To do: What should be copied is the stretch of entries below from the line with "8. We have a" up to and including the line with "Deze zwarte lakbroek", exactly and without images.

Supplied data:
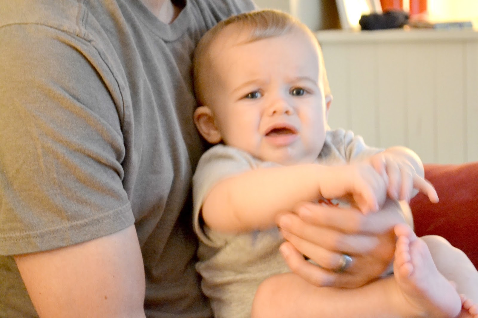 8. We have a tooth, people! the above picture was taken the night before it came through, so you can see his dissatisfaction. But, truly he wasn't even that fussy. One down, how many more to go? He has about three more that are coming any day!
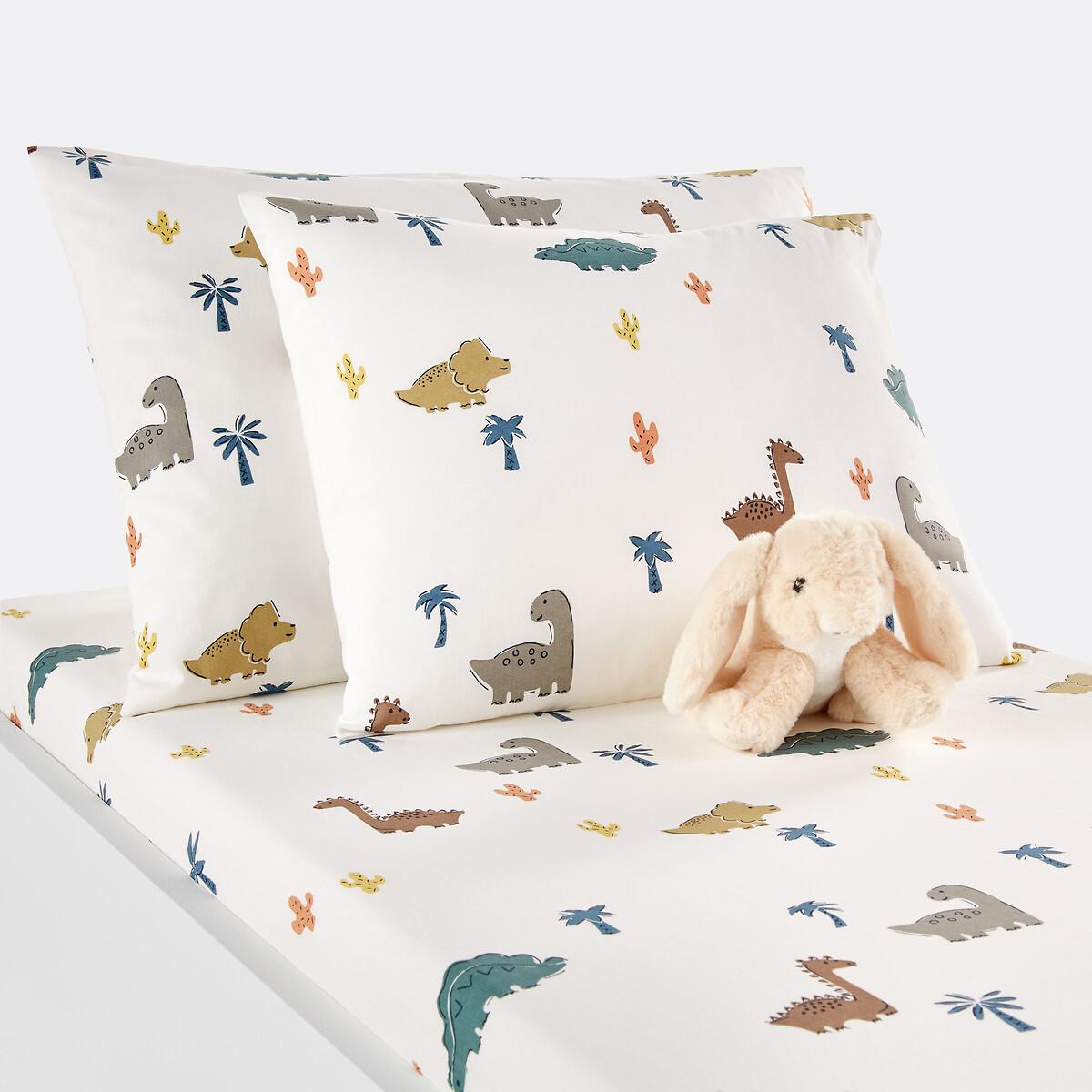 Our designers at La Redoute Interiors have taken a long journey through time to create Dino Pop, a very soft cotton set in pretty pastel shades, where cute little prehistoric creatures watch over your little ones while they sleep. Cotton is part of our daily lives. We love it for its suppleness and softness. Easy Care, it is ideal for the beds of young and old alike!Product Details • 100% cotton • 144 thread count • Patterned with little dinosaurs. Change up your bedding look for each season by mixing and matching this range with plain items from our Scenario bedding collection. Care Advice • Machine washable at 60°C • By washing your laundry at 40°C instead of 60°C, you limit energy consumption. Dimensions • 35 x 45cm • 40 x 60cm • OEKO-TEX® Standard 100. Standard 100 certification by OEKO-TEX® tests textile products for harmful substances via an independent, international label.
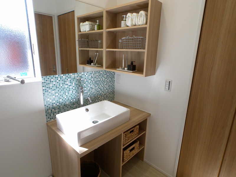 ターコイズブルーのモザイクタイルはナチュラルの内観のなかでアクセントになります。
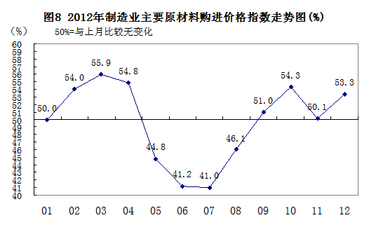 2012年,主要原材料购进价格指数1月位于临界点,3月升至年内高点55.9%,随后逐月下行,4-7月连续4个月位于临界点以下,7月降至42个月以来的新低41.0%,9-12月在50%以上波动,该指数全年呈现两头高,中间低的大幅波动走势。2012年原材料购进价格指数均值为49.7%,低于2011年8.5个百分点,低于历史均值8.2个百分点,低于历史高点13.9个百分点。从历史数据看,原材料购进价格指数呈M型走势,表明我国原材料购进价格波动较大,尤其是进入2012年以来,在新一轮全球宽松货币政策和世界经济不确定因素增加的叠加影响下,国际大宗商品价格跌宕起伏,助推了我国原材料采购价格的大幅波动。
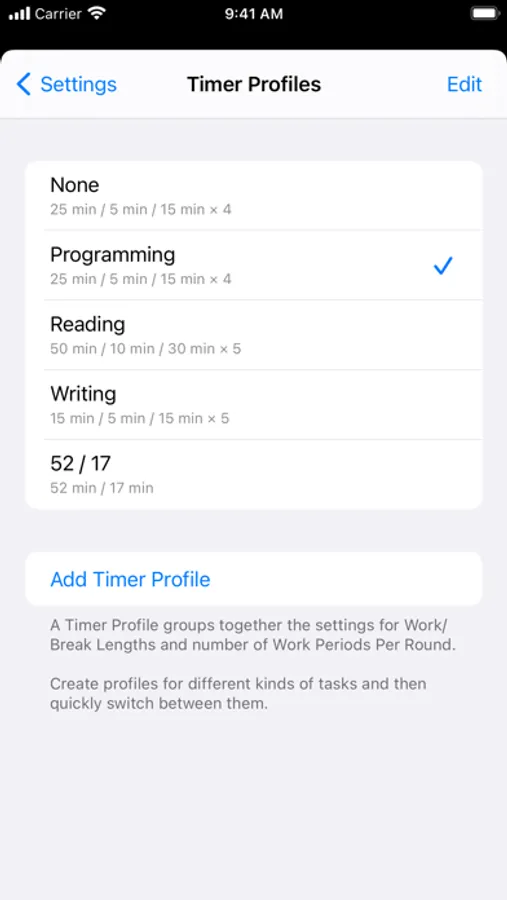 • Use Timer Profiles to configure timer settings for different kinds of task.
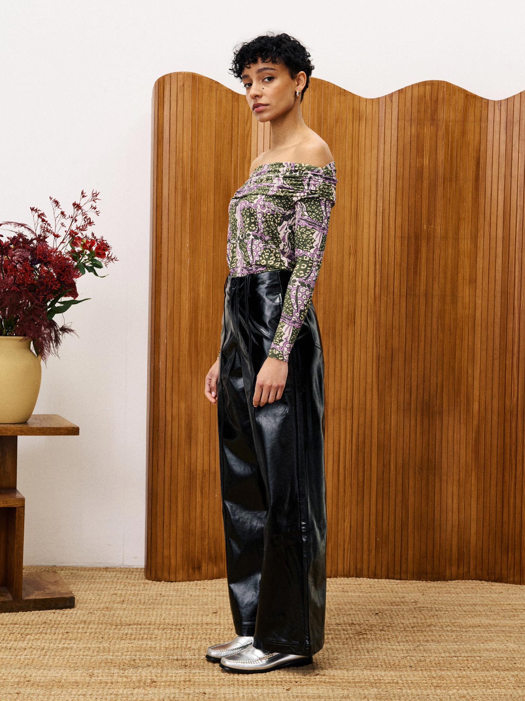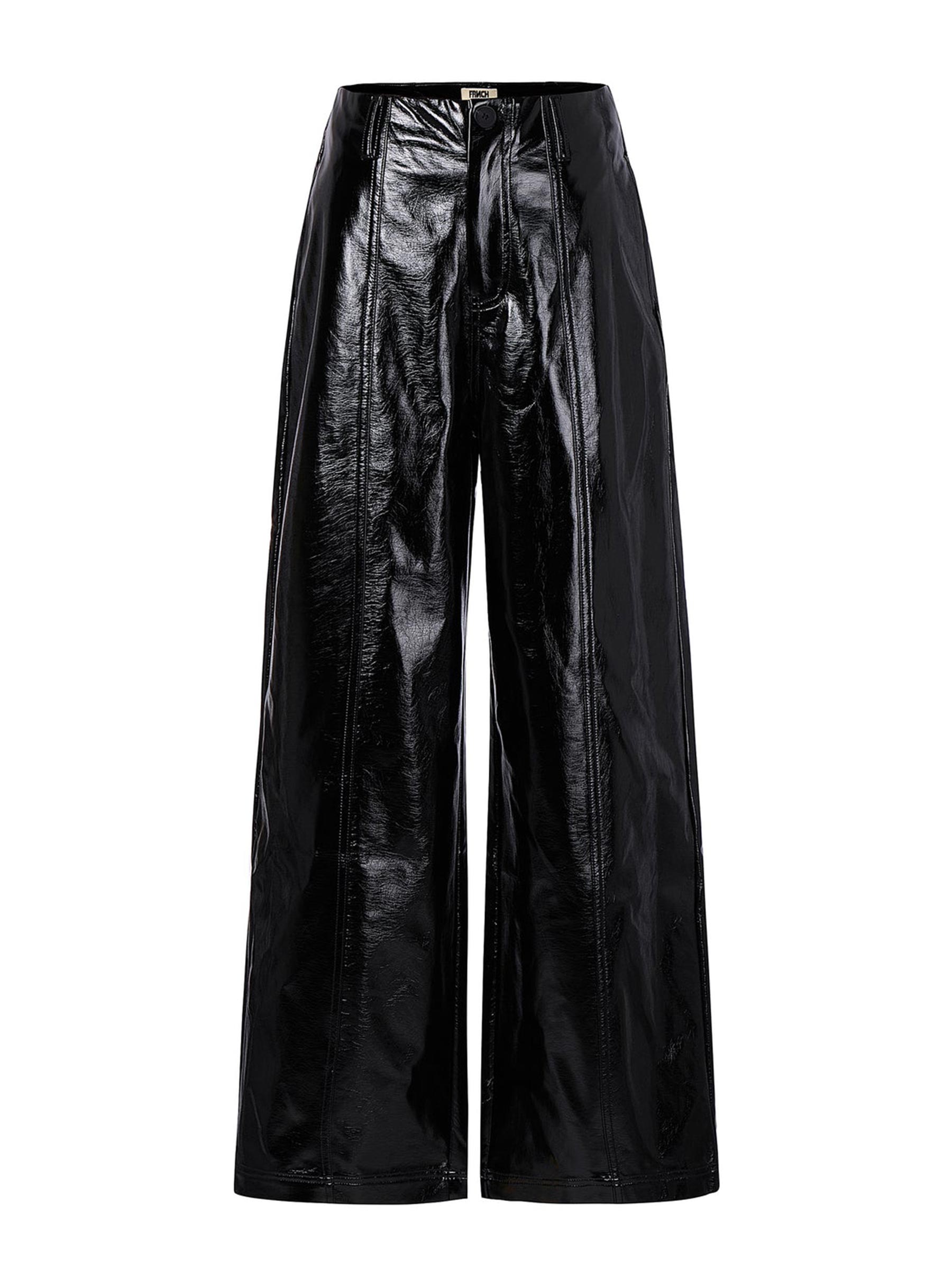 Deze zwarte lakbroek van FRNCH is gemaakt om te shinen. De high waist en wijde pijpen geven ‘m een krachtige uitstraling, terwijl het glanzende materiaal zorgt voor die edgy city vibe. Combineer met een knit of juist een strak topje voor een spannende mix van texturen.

* * *

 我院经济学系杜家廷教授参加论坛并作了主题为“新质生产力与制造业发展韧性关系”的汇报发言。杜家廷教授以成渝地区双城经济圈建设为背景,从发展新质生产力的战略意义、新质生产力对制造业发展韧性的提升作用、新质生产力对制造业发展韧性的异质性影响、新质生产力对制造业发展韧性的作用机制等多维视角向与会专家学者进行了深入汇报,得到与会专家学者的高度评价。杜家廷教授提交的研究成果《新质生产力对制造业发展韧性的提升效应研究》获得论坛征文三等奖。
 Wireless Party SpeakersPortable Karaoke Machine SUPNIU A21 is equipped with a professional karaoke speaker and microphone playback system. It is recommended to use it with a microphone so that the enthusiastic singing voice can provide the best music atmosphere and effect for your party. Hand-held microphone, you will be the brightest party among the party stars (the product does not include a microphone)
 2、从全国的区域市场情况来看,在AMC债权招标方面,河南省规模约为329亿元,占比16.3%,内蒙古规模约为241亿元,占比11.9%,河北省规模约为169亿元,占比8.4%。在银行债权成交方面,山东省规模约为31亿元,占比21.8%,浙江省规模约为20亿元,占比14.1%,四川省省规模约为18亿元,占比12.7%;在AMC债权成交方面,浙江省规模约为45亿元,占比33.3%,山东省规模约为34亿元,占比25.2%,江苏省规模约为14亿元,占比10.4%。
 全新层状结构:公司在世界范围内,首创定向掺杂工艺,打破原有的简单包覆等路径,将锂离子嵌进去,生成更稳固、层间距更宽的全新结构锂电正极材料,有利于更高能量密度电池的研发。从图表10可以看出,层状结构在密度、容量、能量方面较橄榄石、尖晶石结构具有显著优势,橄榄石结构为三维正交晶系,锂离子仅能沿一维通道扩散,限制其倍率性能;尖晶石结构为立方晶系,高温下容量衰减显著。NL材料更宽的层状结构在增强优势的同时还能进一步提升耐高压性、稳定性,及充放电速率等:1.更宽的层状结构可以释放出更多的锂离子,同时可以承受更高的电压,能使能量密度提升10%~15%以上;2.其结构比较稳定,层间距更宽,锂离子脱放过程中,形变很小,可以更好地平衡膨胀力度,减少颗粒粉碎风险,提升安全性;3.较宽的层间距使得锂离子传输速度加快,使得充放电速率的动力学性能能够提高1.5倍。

* * *

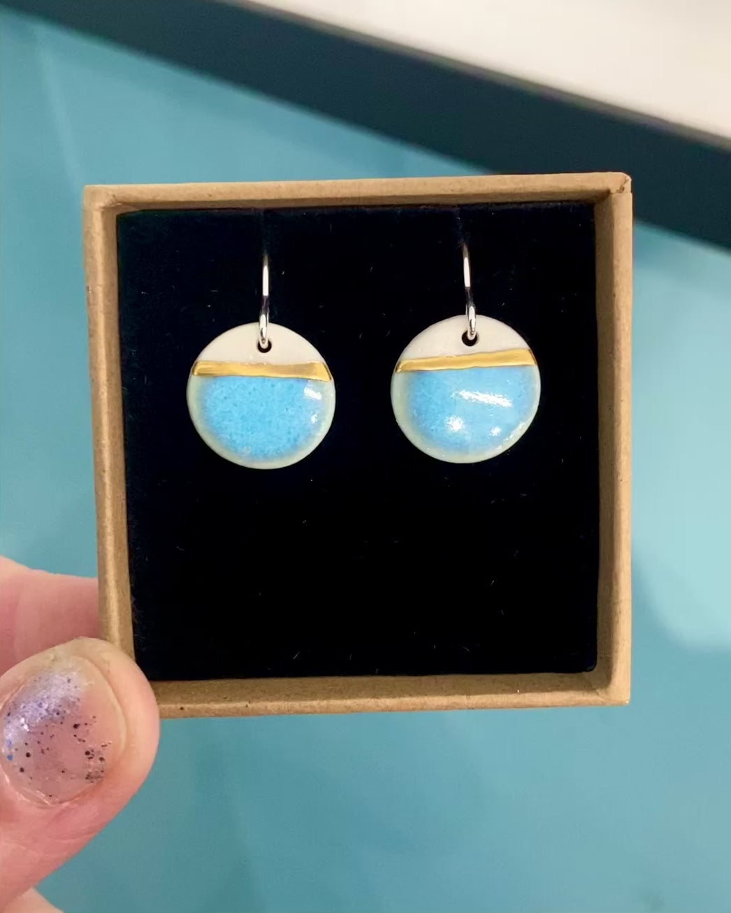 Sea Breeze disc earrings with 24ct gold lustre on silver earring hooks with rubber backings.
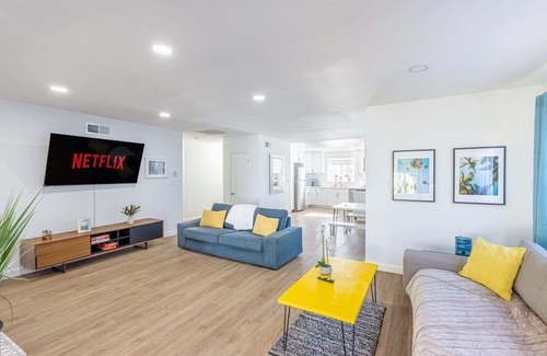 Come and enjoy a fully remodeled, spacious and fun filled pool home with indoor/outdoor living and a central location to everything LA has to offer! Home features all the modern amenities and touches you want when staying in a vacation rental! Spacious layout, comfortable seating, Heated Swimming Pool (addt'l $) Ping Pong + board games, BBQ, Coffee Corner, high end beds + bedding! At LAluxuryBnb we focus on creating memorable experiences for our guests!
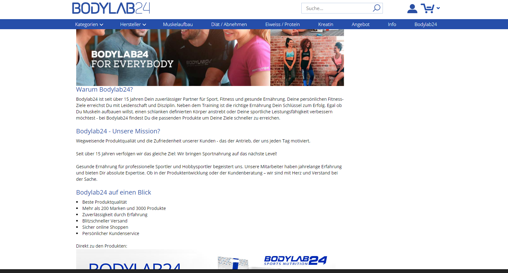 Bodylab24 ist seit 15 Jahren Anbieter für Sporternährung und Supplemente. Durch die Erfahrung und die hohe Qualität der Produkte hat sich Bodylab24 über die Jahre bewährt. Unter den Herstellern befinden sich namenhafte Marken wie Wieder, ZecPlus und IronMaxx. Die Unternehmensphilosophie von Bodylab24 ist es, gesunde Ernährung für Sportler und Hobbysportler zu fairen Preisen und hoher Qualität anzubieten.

Response:
 8. We have a tooth, people! the above picture was taken the night before it came through, so you can see his dissatisfaction. But, truly he wasn't even that fussy. One down, how many more to go? He has about three more that are coming any day!
 Our designers at La Redoute Interiors have taken a long journey through time to create Dino Pop, a very soft cotton set in pretty pastel shades, where cute little prehistoric creatures watch over your little ones while they sleep. Cotton is part of our daily lives. We love it for its suppleness and softness. Easy Care, it is ideal for the beds of young and old alike!Product Details • 100% cotton • 144 thread count • Patterned with little dinosaurs. Change up your bedding look for each season by mixing and matching this range with plain items from our Scenario bedding collection. Care Advice • Machine washable at 60°C • By washing your laundry at 40°C instead of 60°C, you limit energy consumption. Dimensions • 35 x 45cm • 40 x 60cm • OEKO-TEX® Standard 100. Standard 100 certification by OEKO-TEX® tests textile products for harmful substances via an independent, international label.
 ターコイズブルーのモザイクタイルはナチュラルの内観のなかでアクセントになります。
 2012年,主要原材料购进价格指数1月位于临界点,3月升至年内高点55.9%,随后逐月下行,4-7月连续4个月位于临界点以下,7月降至42个月以来的新低41.0%,9-12月在50%以上波动,该指数全年呈现两头高,中间低的大幅波动走势。2012年原材料购进价格指数均值为49.7%,低于2011年8.5个百分点,低于历史均值8.2个百分点,低于历史高点13.9个百分点。从历史数据看,原材料购进价格指数呈M型走势,表明我国原材料购进价格波动较大,尤其是进入2012年以来,在新一轮全球宽松货币政策和世界经济不确定因素增加的叠加影响下,国际大宗商品价格跌宕起伏,助推了我国原材料采购价格的大幅波动。
 • Use Timer Profiles to configure timer settings for different kinds of task.
 Deze zwarte lakbroek van FRNCH is gemaakt om te shinen. De high waist en wijde pijpen geven ‘m een krachtige uitstraling, terwijl het glanzende materiaal zorgt voor die edgy city vibe. Combineer met een knit of juist een strak topje voor een spannende mix van texturen.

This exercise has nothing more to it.